**What is expected**
What you should give back is a precise copy of the lines below from the one containing "参政党岡山支部では令和5年春" through the one containing "한국도로교통공단 대국민 친환경 탄소중립 아이디어 공모전 안내", with no pictures.

**Available records**
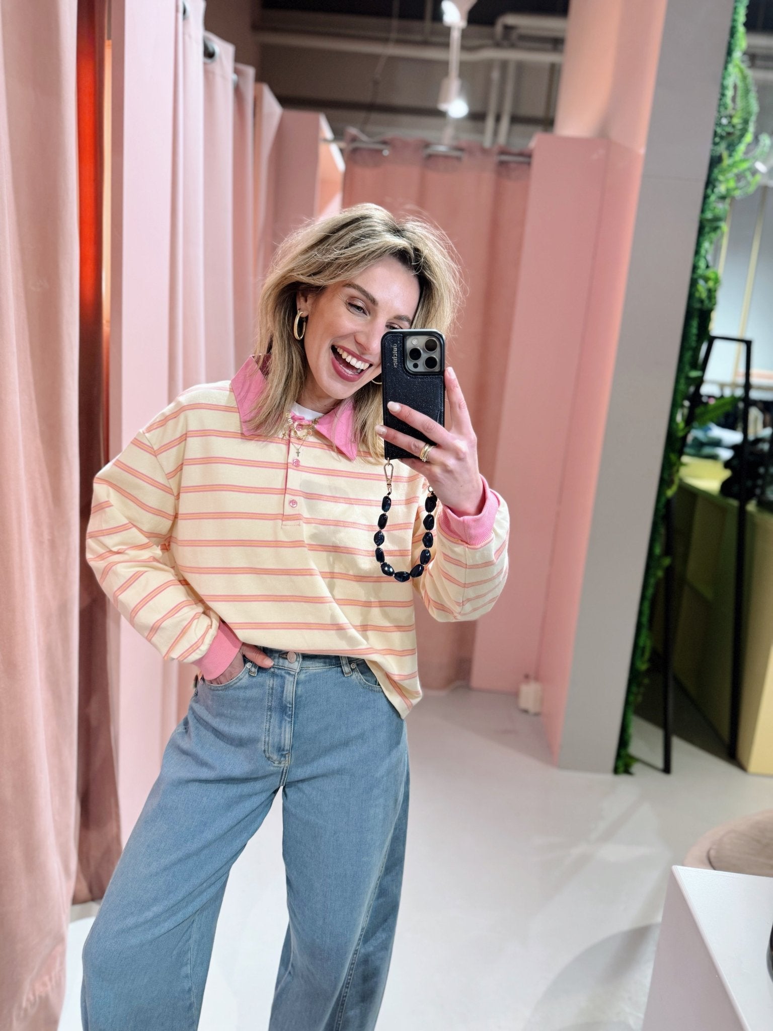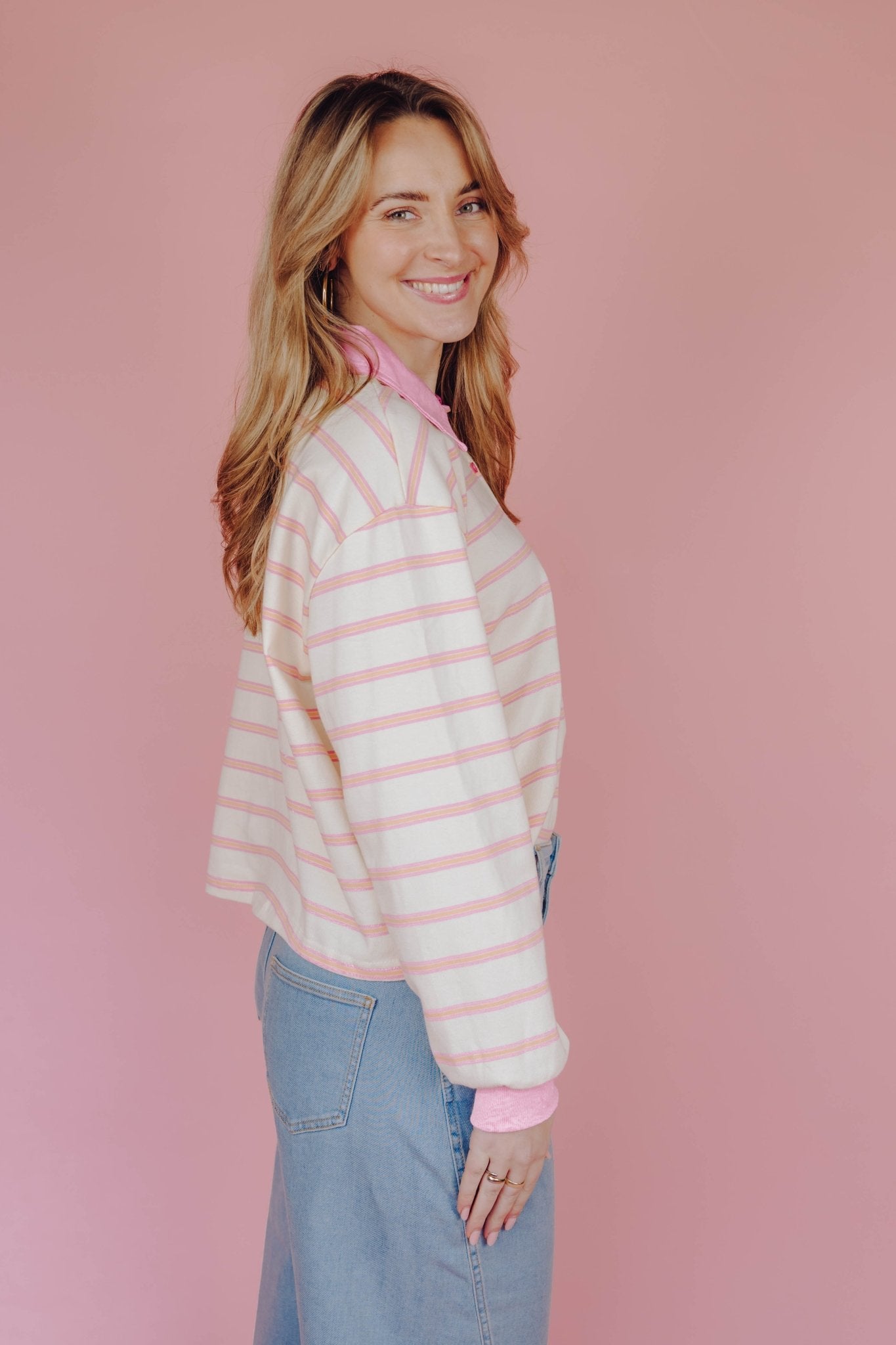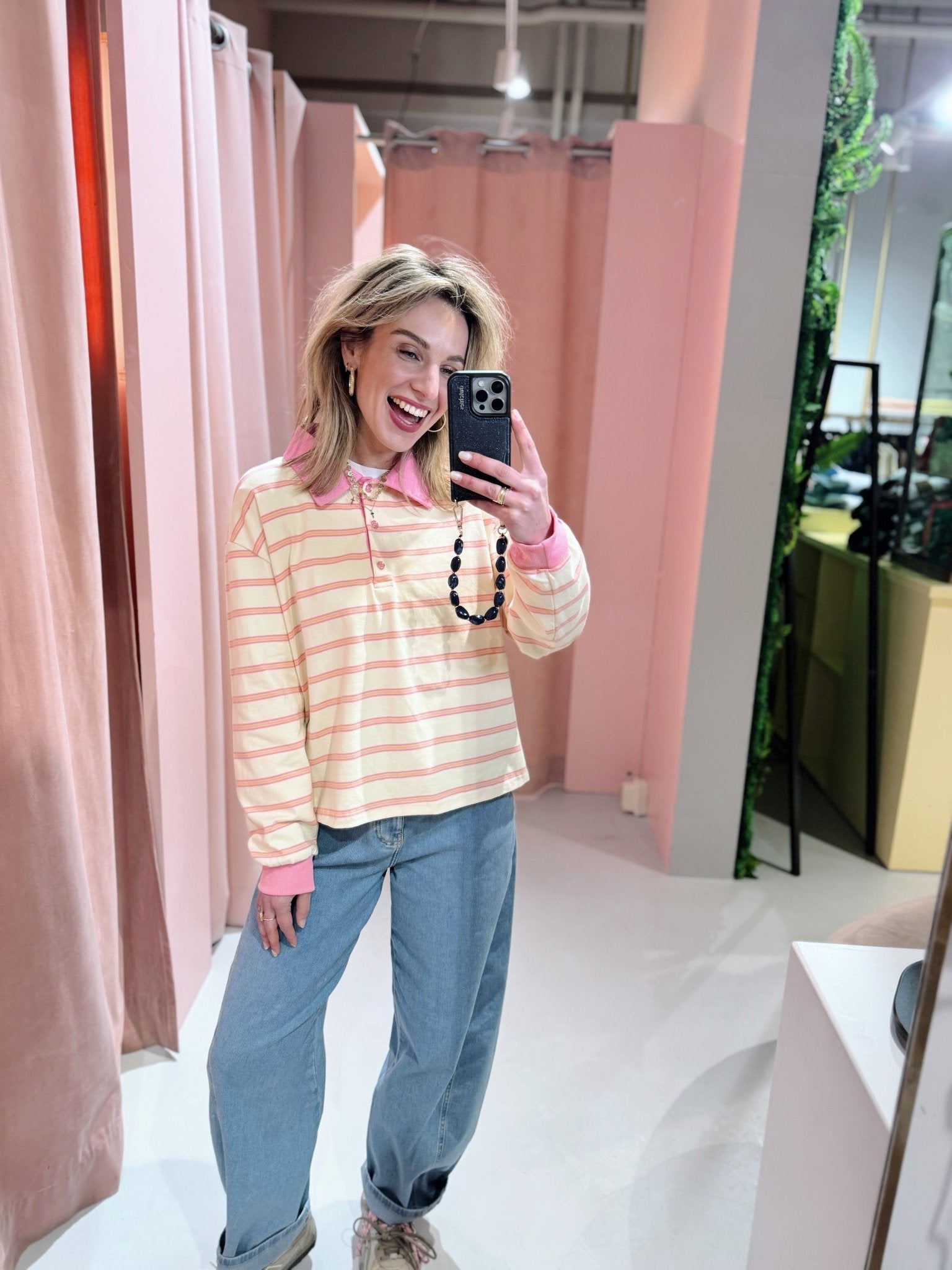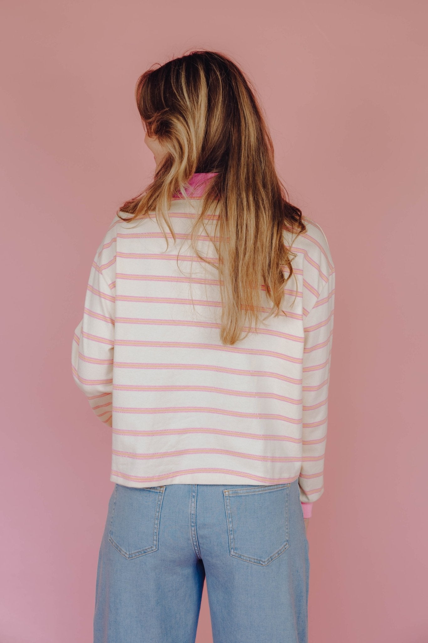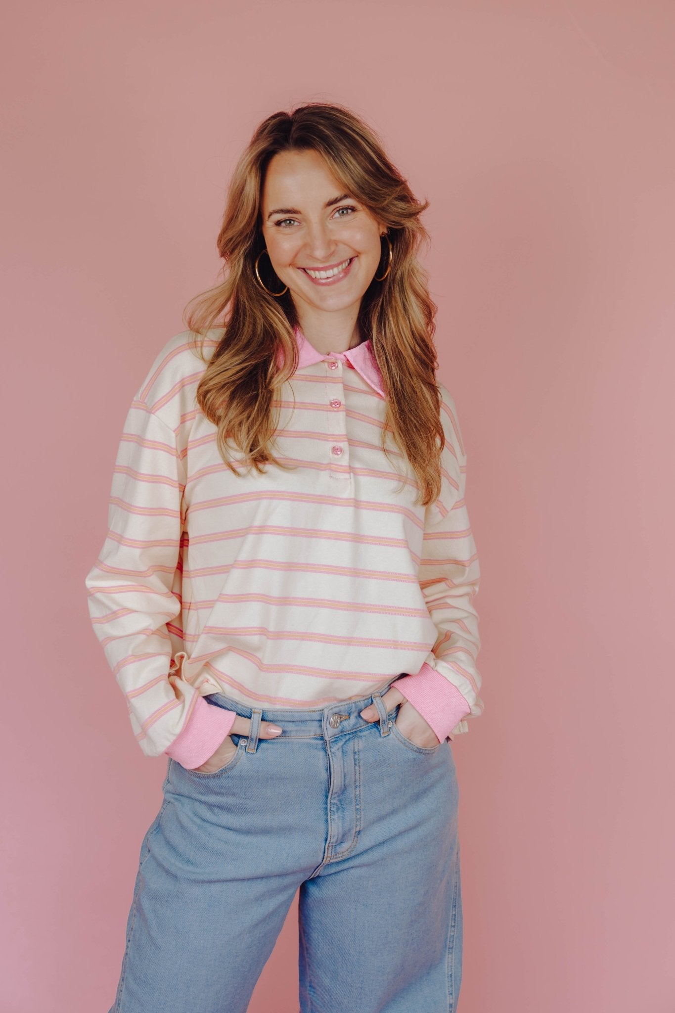 De Boaz Polo in roze heeft een boxy model en een colorblock kraagje met knoopjes, de manchetten zijn dezelfde kleur als het kraagje, te leuk! De polo is voorzien van een oranje met roze streep patroon.
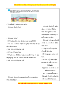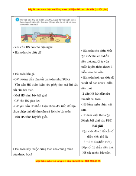 ử vui lòng mua tài li u ệ đ ể xem chi ti t ế (có l i ờ gi i ả ) - Yêu c u H ầ S nói cho b n nghe: ạ + Bài toán cho bi t ế : M t ộ + Bài toán cho bi t ế gì? r p xi ạ c t ế hú có 8 di n ễ viên thú, ngư i ờ ta v a ừ huấn luy n t ệ hêm đư c ợ 5 di n vi ễ ên thú n a. ữ + Bài toán h i ỏ gì? + Bài toán h i ỏ r p ạ xi c ế đó - GV hư ng d ớ n t ẫ óm t t ắ bài toán (nh SG ư K) có tất c bao nhi ả êu di n ễ - Yêu c u ầ HS th o ả lu n ậ nêu phép tính trả l i ờ câu viên thú? h i ỏ c a ủ bài toán. - 2 c p H ặ S h i ỏ đáp nêu - M i ờ HS trình bày bài gi i ả tóm t t ắ bài toán. - GV cho HS giao l u ư - HS l ng ắ nghe nh n xét ậ - GV yêu cầu HS th o l ả u n ậ nhóm đôi ti p đ ế ể l a ự b n. ạ ch n ọ phép tính đ t ể ìm câu tr l ả i ờ cho bài toán. - HS làm vi c t ệ heo c p ặ - M i ờ HS trình bày bài gi i ả . đôi ghi bài gi i ả vào PBT. Bài giải R p ạ xi c đó có t ế t ấ c s ả ố di n vi ễ ên thú là: 8 + 5 = 13 (di n vi ễ ên) Đáp số: 13 di n vi ễ ên thú. + Bài toán này thu c d ộ ng ạ toán nào chúng mình - HS các nhóm báo cáo . v a ừ đư c h ợ c? ọ Mọi th c ắ m c
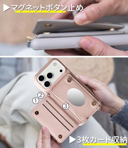 【カード収納・鏡付き】キャッシュレス化が進む現在、お出かけ時にカード収納・鏡付きができ身軽になれる 17 ケースが大人気!本製品は背面カード入れ ケースが付き、ICカード、お札などを収納できる手帳型 ショルダー ケースです。●マグネットボタン付きで開け閉めがとても便利!カードポケットをしっかり止められ、カードが落ちる心配がありません。●ミラーも付き、メイク直し時や身だしなみのチェックに最適です。
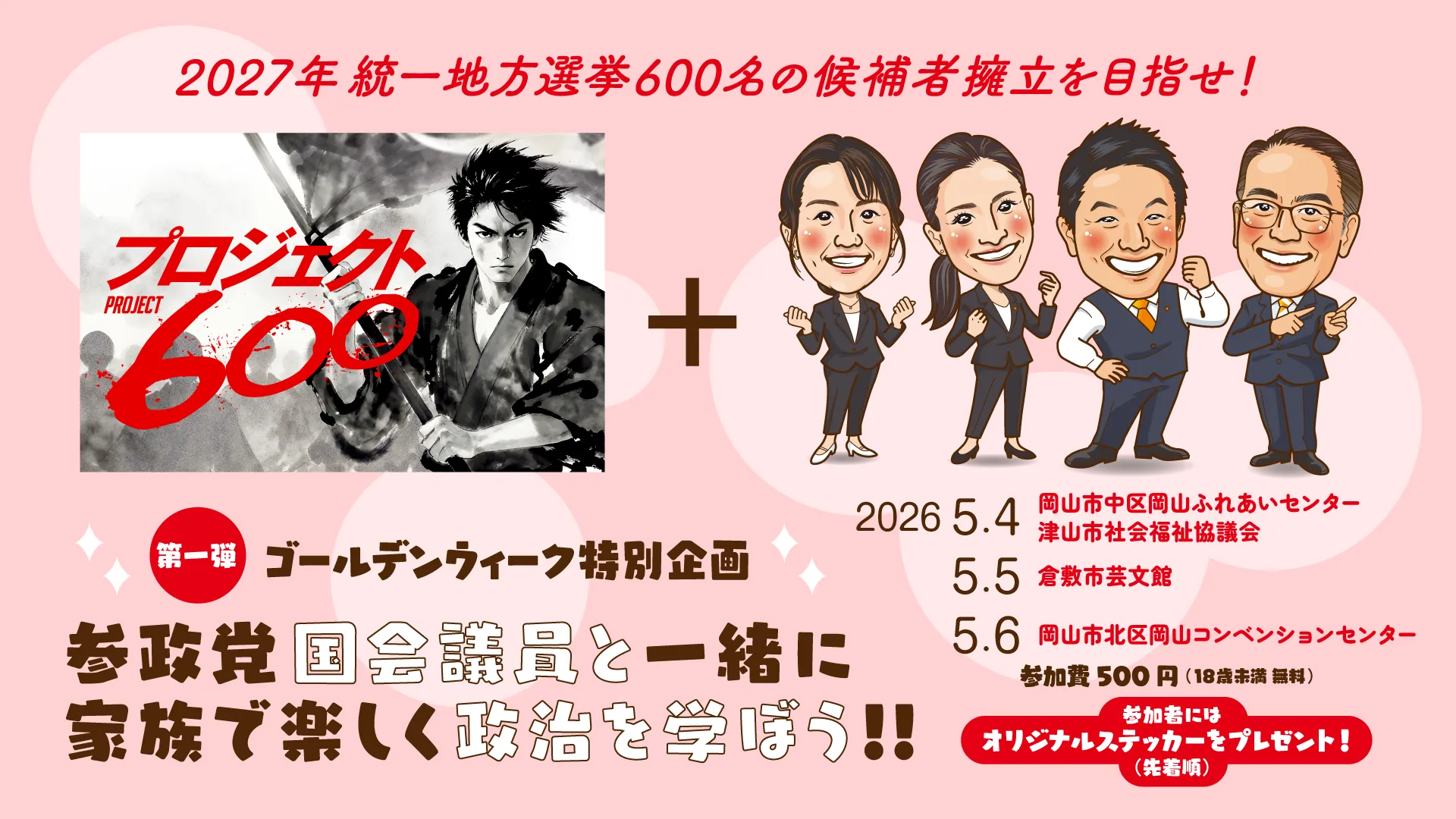 参政党岡山支部では令和5年春の統一地方選にむけ、私たちと一緒に岡山を変えてくれる候補者を募集しております。未経験でも大丈夫です。まずはお気軽にご相談ください。
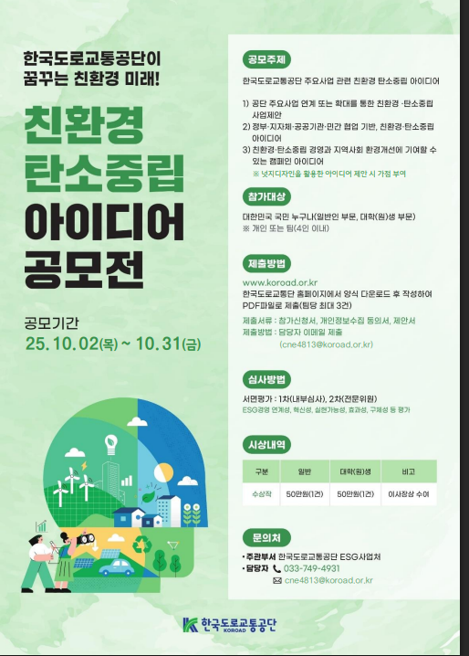 한국도로교통공단 대국민 친환경 탄소중립 아이디어 공모전 안내
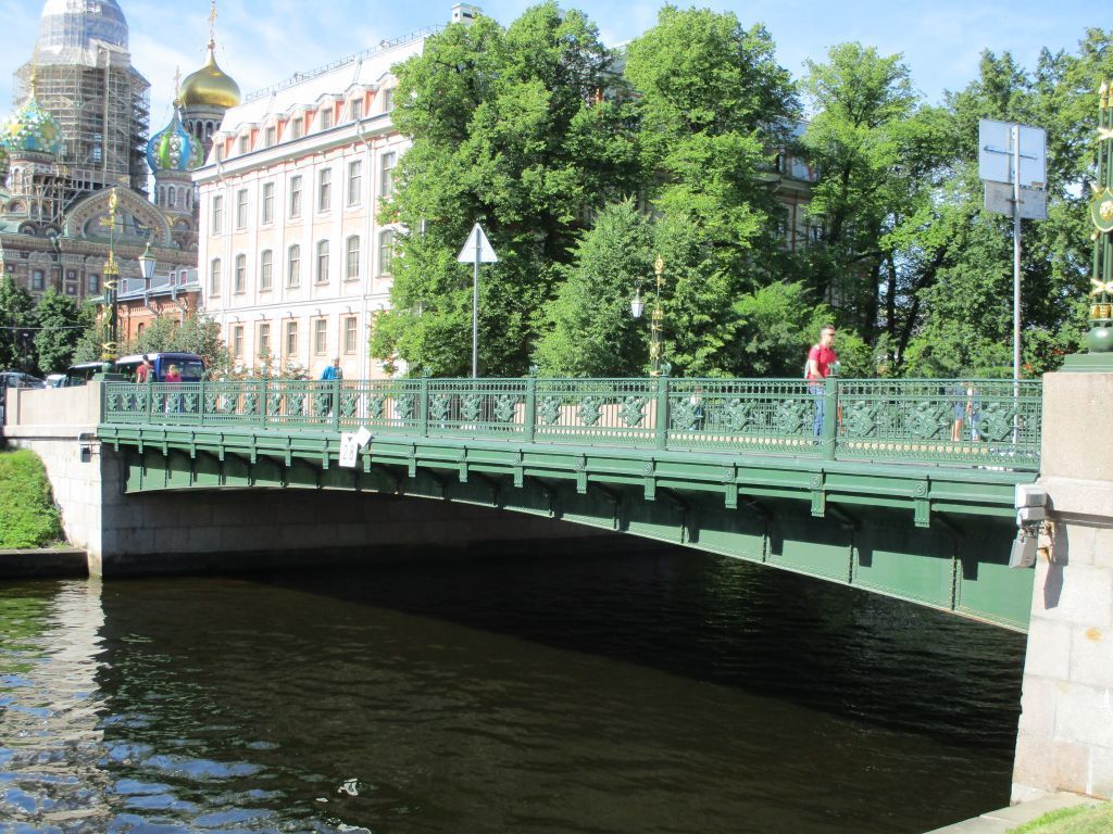 Объемно-планировочное решение:местоположение (установлено на Садовом мосте № 2, через р. Мойку у Марсова поля), габариты, конфигурация;металлическая решетка, завершенная парапетным ограждением с четырьмя фонарями.Архитектурно-художественное решение:фасадные арки фланкированы металлическим ограждением из парапетных столбиков в виде ликторских связок, увенчанных секирой;между столбиками ажурная решетка из стрел, установленных вертикально и горизонтальных фризов с мотивами «пояс меандра», колец (2), «бегущая волна»; между фризами в центре – литые накладные двусторонние геральдические композиции из перекрещенных ликторских связок с секирой, меча с львиной маской на рукояти, стрелы, щита с изображением мужского маскарона со змеями и шлема с плюмажем;парапетное ограждение моста фланкировано гранитными постаментами, квадратными в плане, с торшерами (4):на постаментах из сплющенной сферы на квадратном профилированном основании;в виде связок копий с перехватами из лавровых гирлянд; в центральной части с двусторонними накладными композициями из перекрещенных мечей со щитом, декорированным львиным маскароном;с навершием из стрелы на кронштейне, увенчанной пятиконечной звездой в дубовом (?) венке с шишкой в завершении;к кронштейнам крепятся шестигранные фонари матового стекла с конусообразным завершением;над стеклами фонари декорированы литой гирляндой из листа аканта (?);детали торшеров и фонарей с золочением.
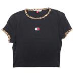 新品同様 23aw TOMMY JEANS トミージーンズ レオパードバインディング クロップド Tシャツ カットソー フラッグロゴ XS 黒 レディース 古着 中古
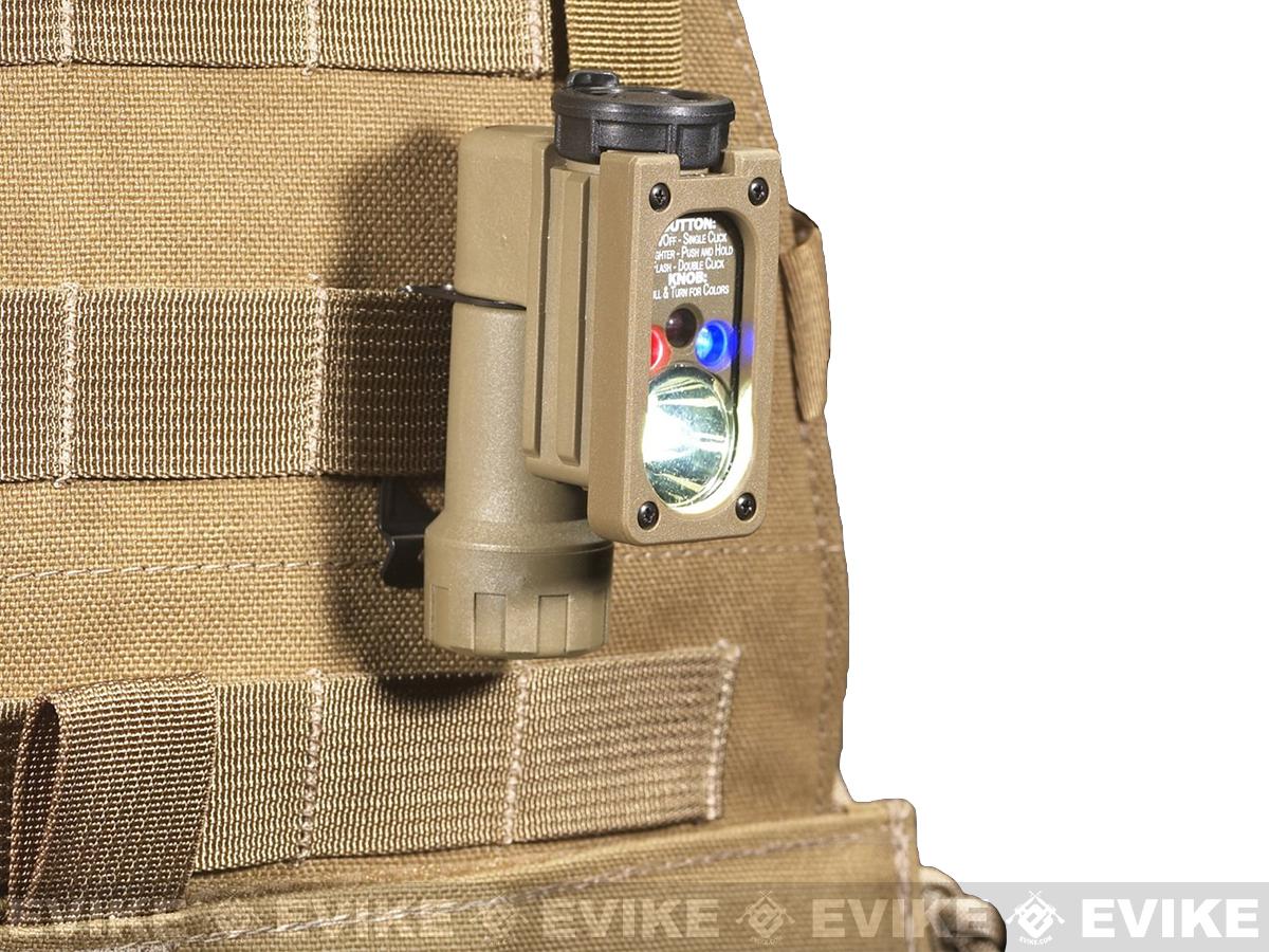 • Durable clip attaches to helmet, headstrap or MOLLE vest.

**Solved exercise**
 参政党岡山支部では令和5年春の統一地方選にむけ、私たちと一緒に岡山を変えてくれる候補者を募集しております。未経験でも大丈夫です。まずはお気軽にご相談ください。
 한국도로교통공단 대국민 친환경 탄소중립 아이디어 공모전 안내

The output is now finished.